Because his flesh was in love with the burning arrows
He danced on the hot sand
Until the arrows came.
As he embraced them his white skin surrendered
itself to the redness of blood, and satisfied him.
Now is he green, dry and stained
With the shadow in his mouth.
30
And my father writes in pencil next to this, “an extremely fine poem, extremely erotic.” And obviously discovering this beautiful letter to me, after he had died, was very moving, and the letter tells us another thing about positioning: the positioning of art in life.
A very generous thing to do, to write that letter. Since his death, he’s appeared in three dreams, all related to my diagnosis. (Jeez, dreams again. Maine-born Carroll Terrell, that late, eminent Ezra Pound/Stephen King scholar, wrote that Yeats’s “whole work, early and late, is so filled with dreams that assigning a specific source can only be idle speculation.”)
31
When I felt the thing in my neck, I taught my music history class at Columbia and then went over to health services in John Jay Hall, where Lorca had lived when he was the poet in New York.
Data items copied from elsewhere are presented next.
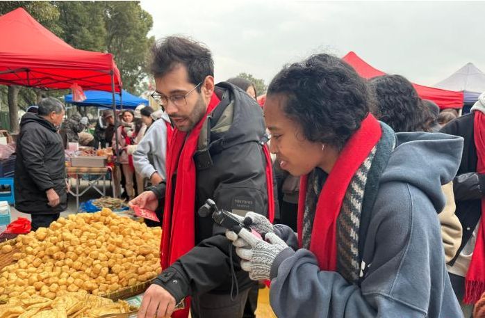 “洋学生”走访浙江宁波老街集市 体验传统年味
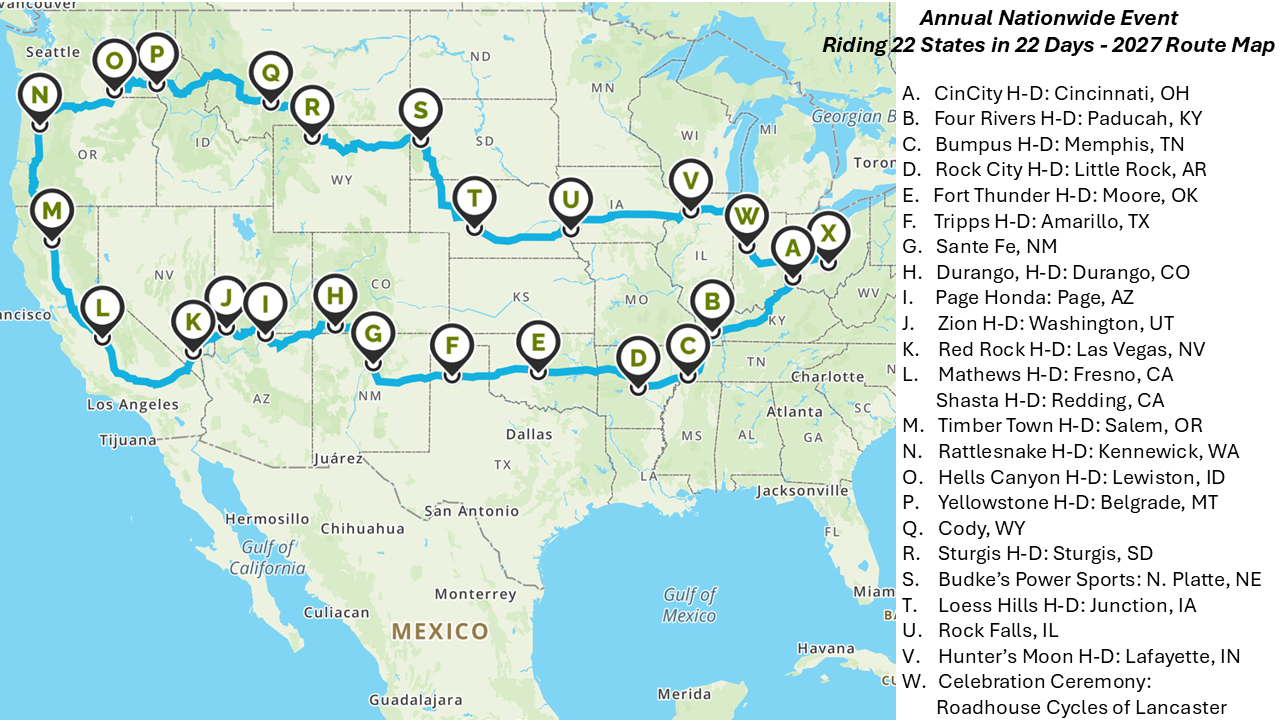 Information for our 22 States in 22 Days ride for 2027 is below, More Details to Come!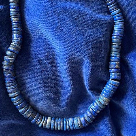 Dobbeltradet lapis lazuli halskæde, L. 57 cm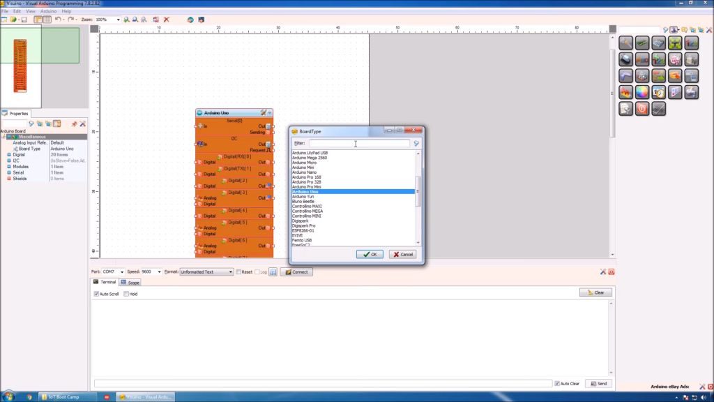 Visuino — это бесплатная графическая среда, работающая на базе совместимых с Arduino промышленных контроллеров (ПЛК) Controllino. Она дает возможность создания сложных систем автоматизации и решений IoT (Internet of Things, интернета вещей), причем сделать это можно, просто перемещая и соединяя визуальные блоки. Программная среда автоматически генерирует код для промышленных контроллеров.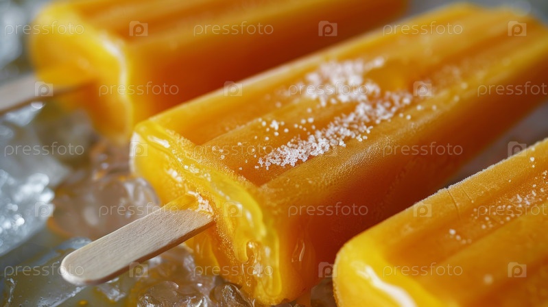 Яркие цитрусовые попсиклы с красочным фоном боке. Идеально подходит для летних и прохладительных концепций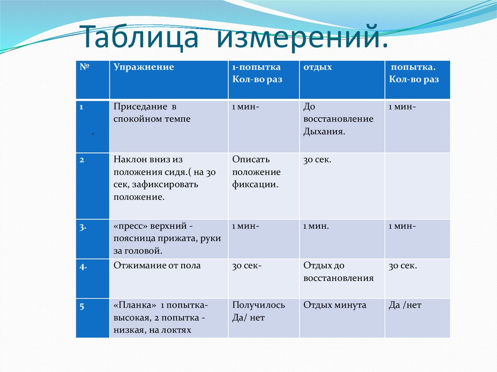 Результат измерений.1. В упражнение приседание количество раз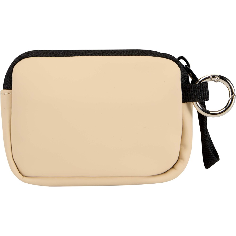 Minőségi újrahasznosított PU bőrből készült, felcsatolható pénztárca, amely ötvözi a letisztult stílust a mindennapi praktikummal. A biztonságos cipzáras záródással és belső kártyatartó rekesszel ellátott kiegészítő gondoskodik az értéktárgyak rendszerezett és könnyen hozzáférhető tárolásáról. Egyszerűen rögzíthető táskához, övbújtatóhoz vagy kulcscsomóhoz.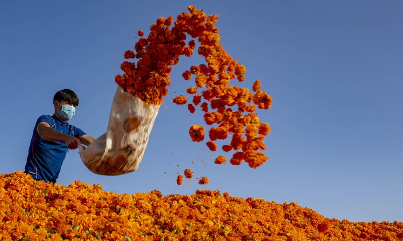 A villager pours marigolds into a fermenting tank at an agricultural industrial park in Yutian County, northwest China's Xinjiang Uygur Autonomous Region, Sept. 20, 2020. As one of the five counties in Hotan Prefecture that have not been lifted out of poverty, Yutian County is accelerating its steps to shake off poverty by planting marigold. (Xinhua/Hu Huhu)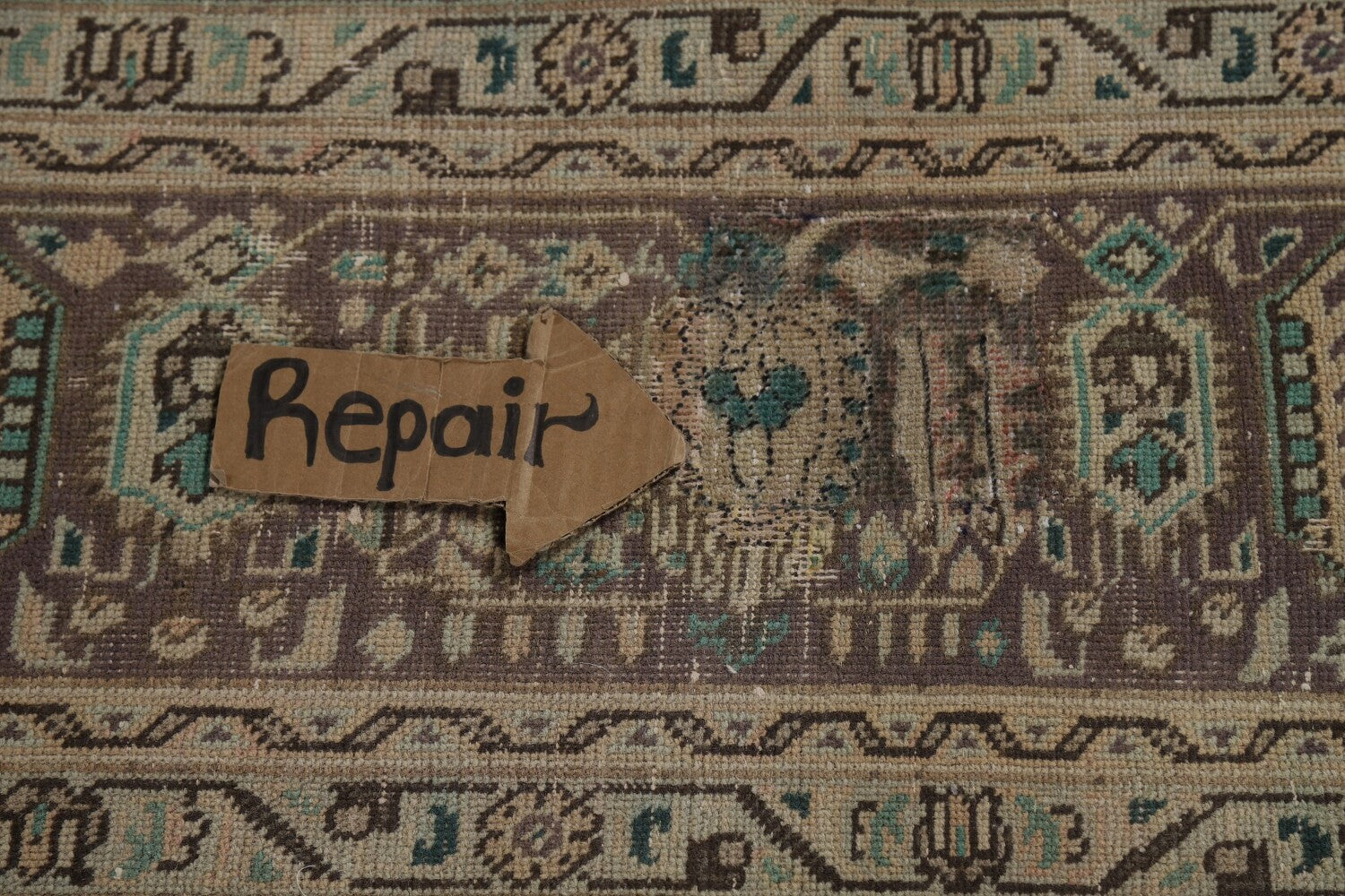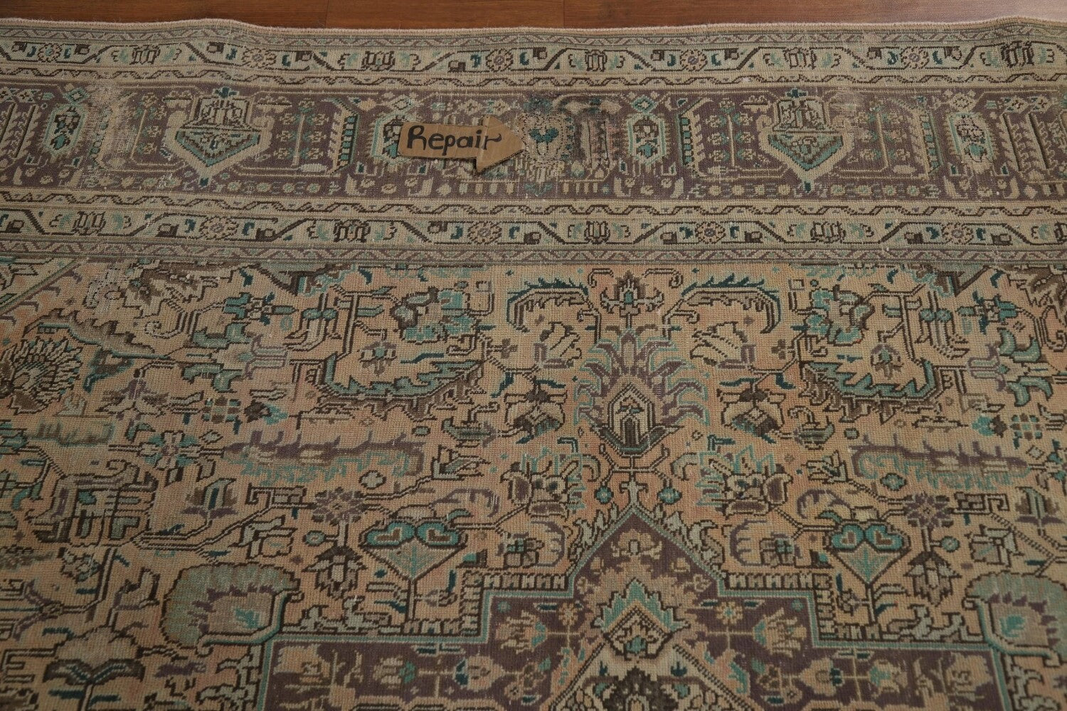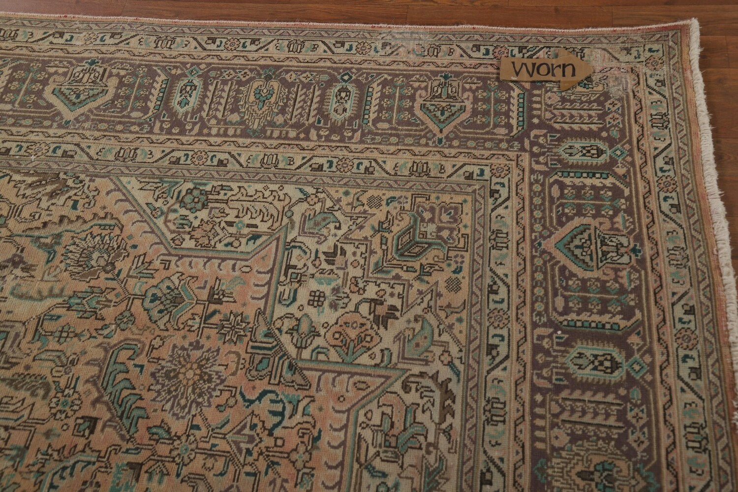A Beautiful Genuine Persia ( Persia ) Tabriz rug is Hand Knotted by skillful weavers in Persia ( Persia ) with 100% Wool Material. This rug is in Very Good (Evenly Low Pile-Worn-Repair) condition. dimensions are 11' 3'' X 8' 4'' in foot and 343 X 254 in centimeter. the primary color is Peach.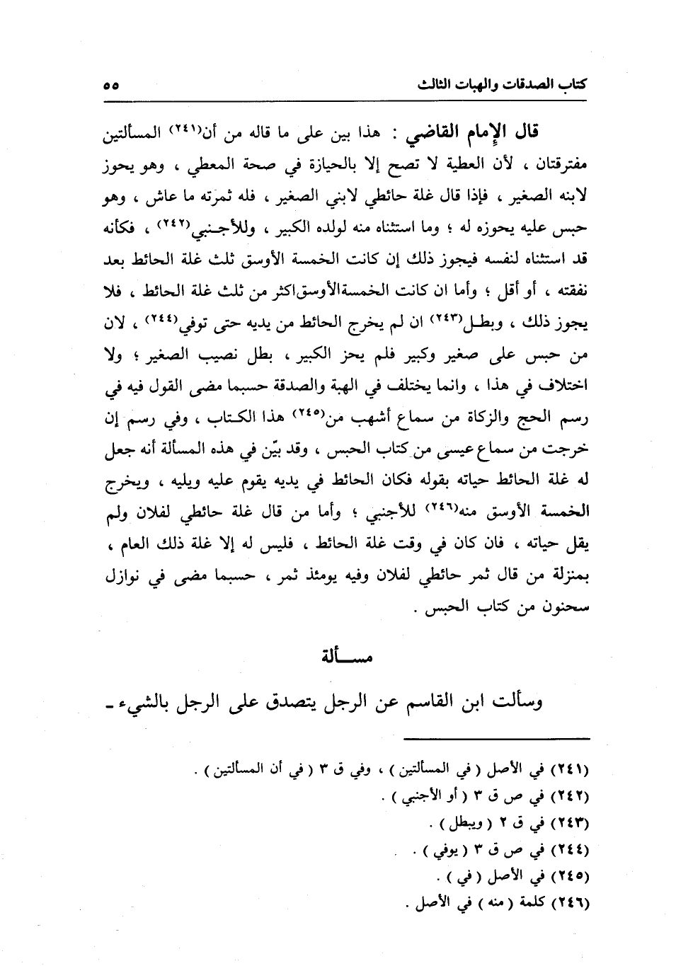 مسألة وسألت ابن القاسم عن الرجل يتصدق على الرجل بالشيء،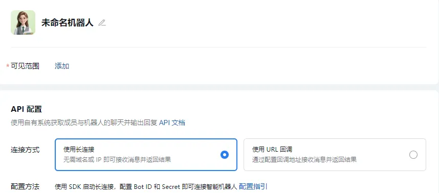 API配置选择长连接方式。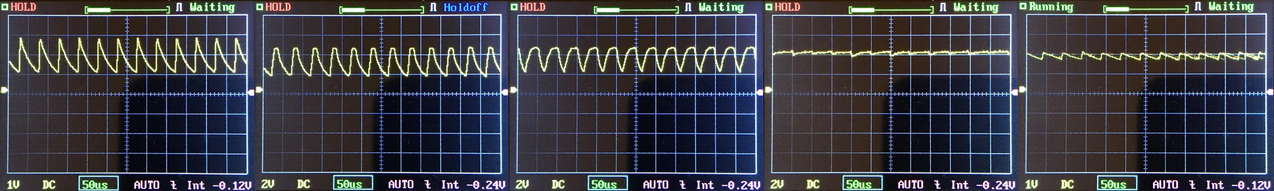 Then there’s the Ultrafire WF-602C flashlight, which has some of the worst PWM I’ve seen. It’s so bad that I used a post about it to explain PWM! Here are multiple timescales (10ms, 5ms, 2ms, 1ms, 0.5ms, 0.2ms) to make comparing this “worst” PWM light to the test light easier. That post also explains why I didn’t test the WF-602C at the usual 50us scale.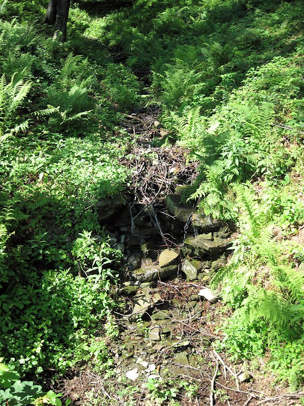 Pramen v ohybu lesní cesty, nedaleko od turistické trasy na Malý Javorník.

A male nurse checked it out and said don’t worry about it, it’s just a virus, and for some reason I didn’t think so; I asked for a second opinion. So another white coat came in, a woman this time, and said, yeah, you should get that checked out right now, so I went directly across town, to the East Side, where an ear-throat-nose guy stuck a needle right into my neck. (He said, don’t worry, it’s so tiny it’s painless, and he was absolutely right, and that was kind of cool, to know that; Caroline was into needle play and occasionally that would freak me out a little, so it normalized that side of things.) And he said, come back in a week, we’ll have the results.